Klagen auf Abfindung?

Beitrag von Maja_2010 »

Guten Tag in die Runde,
da dies mein erster Post hier ist, möchte ich mich kurz vorstellen.
Ich bin 57 Jahre alt und seit über 30 Jahren bei meinem Arbeitgeber angestellt. Seit Juli 2020 bin ich wegen einer mittelschweren Depression (Mobbing) krankgeschrieben. Ich leide sehr unter dieser Situation. Mein AG rührt sich in keinster Weise, ich habe das Gefühl, dass man mich abschieben will. Nun weiß ich nicht, ob ich versuchen soll auf eine Abfindung zu klagen, hinzuzufügen ist noch,dass ich einen GDB 60 habe. Nächstes Jahr im März würde mein Krankengeld auslaufen. Ehrlich gesagt mache ich mir keine großen Hoffnungen auf dem Arbeitsmarkt noch etwas zu finden, wobei ich im Moment auch gar nicht fähig wäre eine neue Stelle anzufangen. Hat jemand von Euch vielleicht ähnliche Erfahrungen gemacht und könnte mir einen Rat geben?
Vielen Dank im Voraus.
LG Maja
Gertrud Star
Beiträge: 3441
Registriert: 30. Jun 2014, 19:09

Re: Klagen auf Abfindung?

Beitrag von Gertrud Star »

Hallo Maja,

ich war in einer ganz anderen Situation, als ich vor vielen Jahren gekündigt wurde. Bei mir in der Firma gab es einen Sozialplan. Ich hätte mindestens 6 Jarhe dort gearbeitet haben müssen, um einen Anspruch auf eine Abfindung haben zu müssen, und daran fehlten noch 2 Monate. Mir teilte der Betriebsrat die Kündigungsabsicht meines Arbeitgebers mit (aus betrieblichen Gründen sollte die Kündigung sein). Ich bat ihn, den Arbeitgeber nach einer Abfindung zu fragen und ich bekam eine - den gesetzlichen vorgeschriebenen Betrag von 6 Jahren minus die fehlenden 2 Monate. Das war allerdings aufgrund der kurzen Beschäftigungsdauer und des doch relativ geringen Lohnes nicht allzu viel, aber trotzdem freute ich mich.

Bei GdB 60 müsste eigentlich das Integrationsamt ein Wort mitzureden haben.
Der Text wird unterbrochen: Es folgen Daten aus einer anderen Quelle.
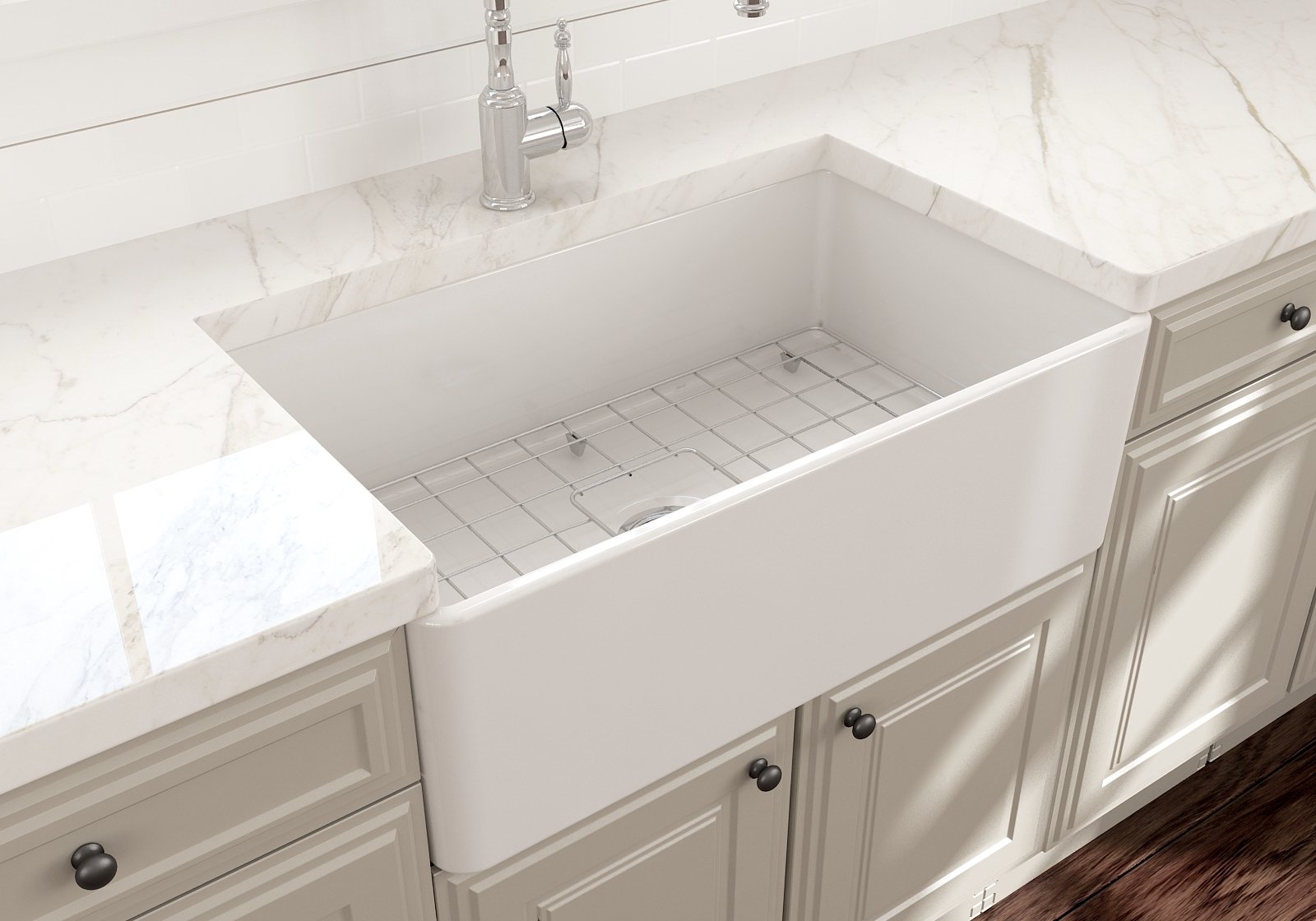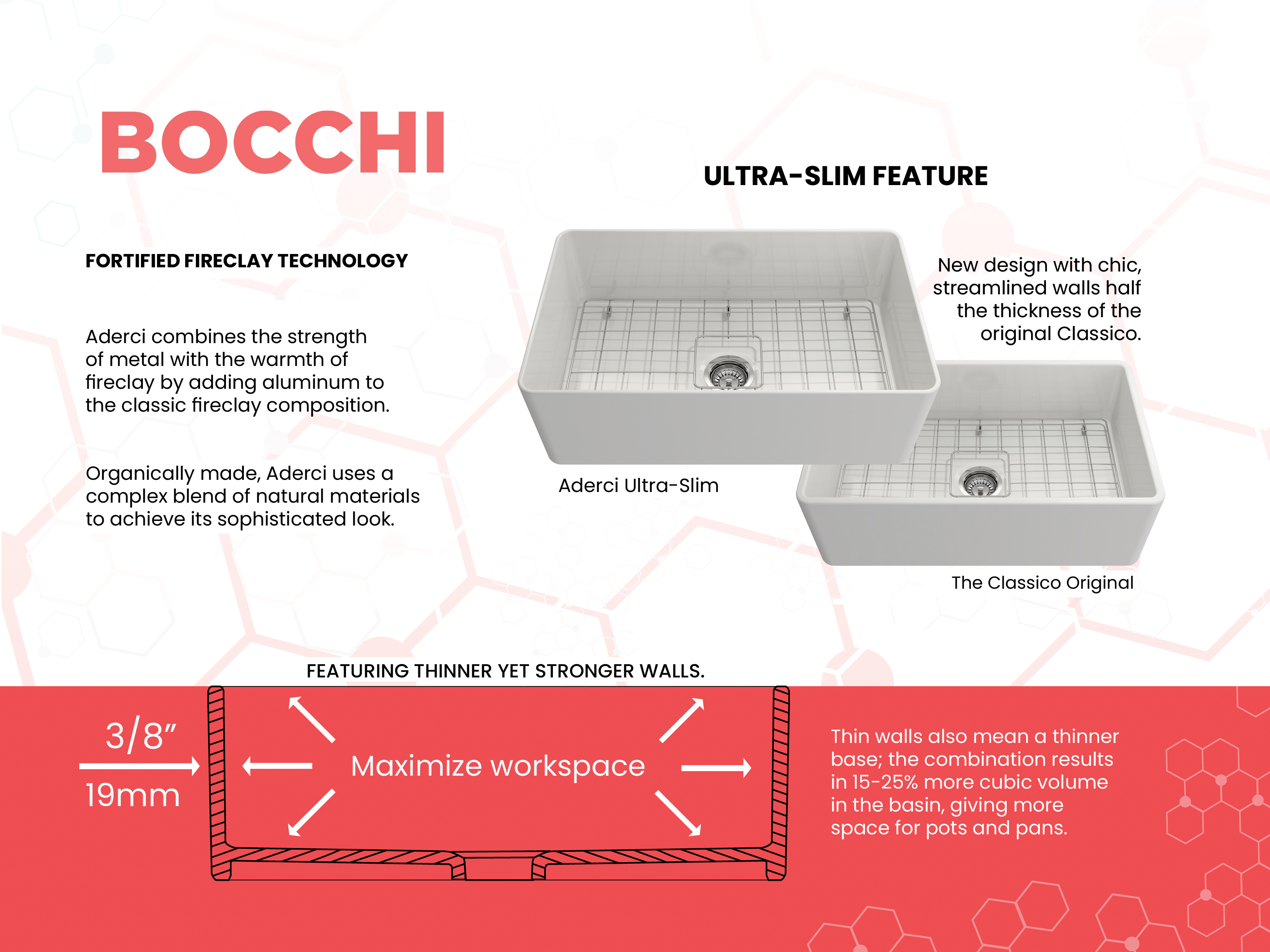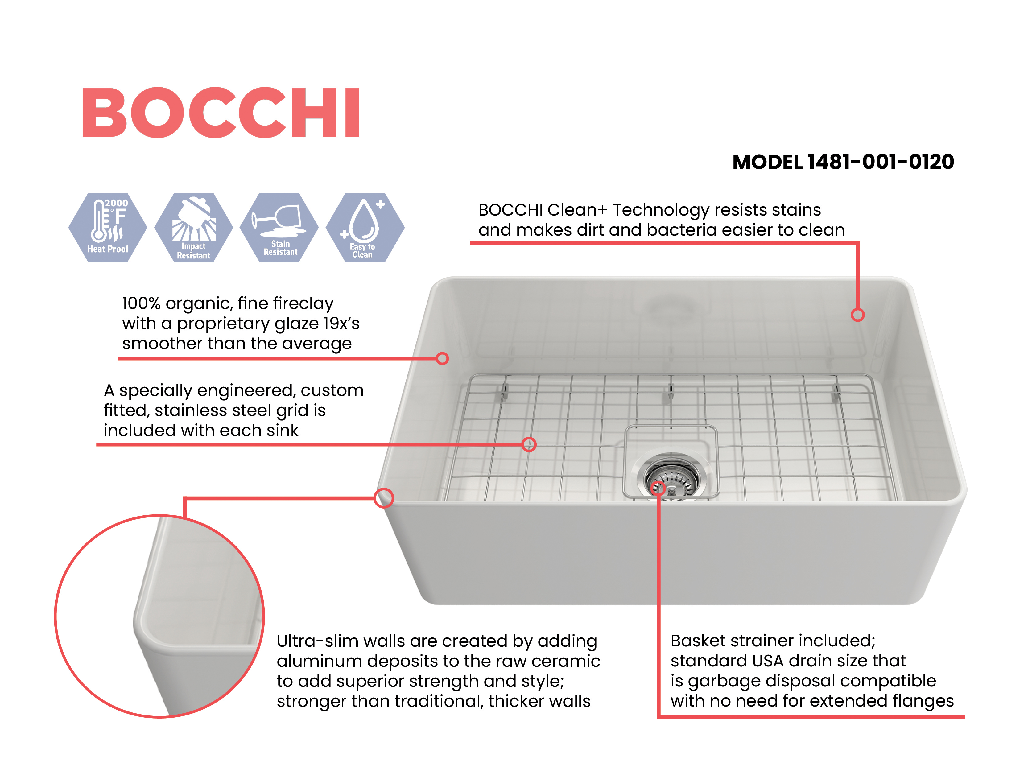 BOCCHI Farmhouse Sinks bring back the ultimate material to your kitchen. Fireclay, a 100% natural organic and recyclable material used by craftsman for centuries to create timeless appliances has now returned to your kitchen. With the firing in our kilns up to 2000°F temperatures, Fireclay becomes the most durable material used in today's kitchens. Thus, dealing with extreme heat coming from pots and pans is definitely not a problem. Due to their special glaze coating fused with the fireclay body, our sinks have a non-porous, uniform, scratch and stain resistant surface. With its protective bottom grid and distinctive looks, BOCCHI Farmhouse Sinks are truly crafted to match your design and functional desires.

Mache dich am besten vorher auch schlau, wie das mit dem ALG I ist, ab wann man nach Abfindungszahlung überhaupt Anspruch auf das ALG hat.

Gruß Gertrud
Schlumpffine
Beiträge: 421
Registriert: 3. Mai 2020, 18:29

Re: Klagen auf Abfindung?

Beitrag von Schlumpffine »

Hallo Maja_2010,
ich finde es gut, das Du rechtzeitig dich Informieren möchtest.
Zunächst ein kleiner Wermutstropfen, eine Klage auf Abfindung ist von vornerein unsinnig. Die Deutsche Rechtsprechung sieht kein einklagbares Recht auf Abfindung vor.
Trozdem ist es möglich, für den Verlust des Arbeitsplatzes eine "Entschädigung" zu bekommen, die aber immer Verhandlungssache ist.
Die Range reicht von 0 € bis .........
Die Faustformel lautet: Anzahl der Jahre der Beschäftigung X Faktor x Gehalt/Jahr.
Gerade der Faktor beinhaltet viele Variablen, die von 0,5 bis 2,5 reichen könnten.
Eine Rechtliche Beratung würde ich für sehr sinnvoll erachten!!
Mit einem GDB von 60 kann Dich der AG erst entlassen, WENN das Integrationsamt zugestimmt hat und im Vorfeld Gespräche zu Erhalt des Arbeistplatzes gegeben hat.
Für die Anrechnung der Entlassungsentschädigung kann ich die Fachanweisung der Agentur für Arbeit zum § 158 empfehlen.
Einfach Fachanweisung Agentur für Arbeit bei Mr.Google eingeben.
Nach dem Ende des KG bekommst DU "Nahtlosarbeitslosengeld" nach §145 SGB III- auch hier gibt es eine Fachanweisung.
Bis dahin, ruhig Blut, abwarten und Tee trinken
Auch der weiteste Weg beginnt mit einem ersten Schritt. Konfuzius
Worte haben die Macht zu zerstören und zu heilen. Wenn Worte sowohl wahr als auch freundlich sind, können sie unsere Welt verändern. “~ Buddha
Strohi
Beiträge: 388
Registriert: 17. Mai 2015, 22:45

Re: Klagen auf Abfindung?

Beitrag von Strohi »

Hallo Maja,

während meiner Berufstätigkeit war ich lange Zeit Vorsitzender des Betriebsrats und auch Ehrenamtlicher Richter beim Arbeitsgericht, danach beim Landesarbeitsgericht.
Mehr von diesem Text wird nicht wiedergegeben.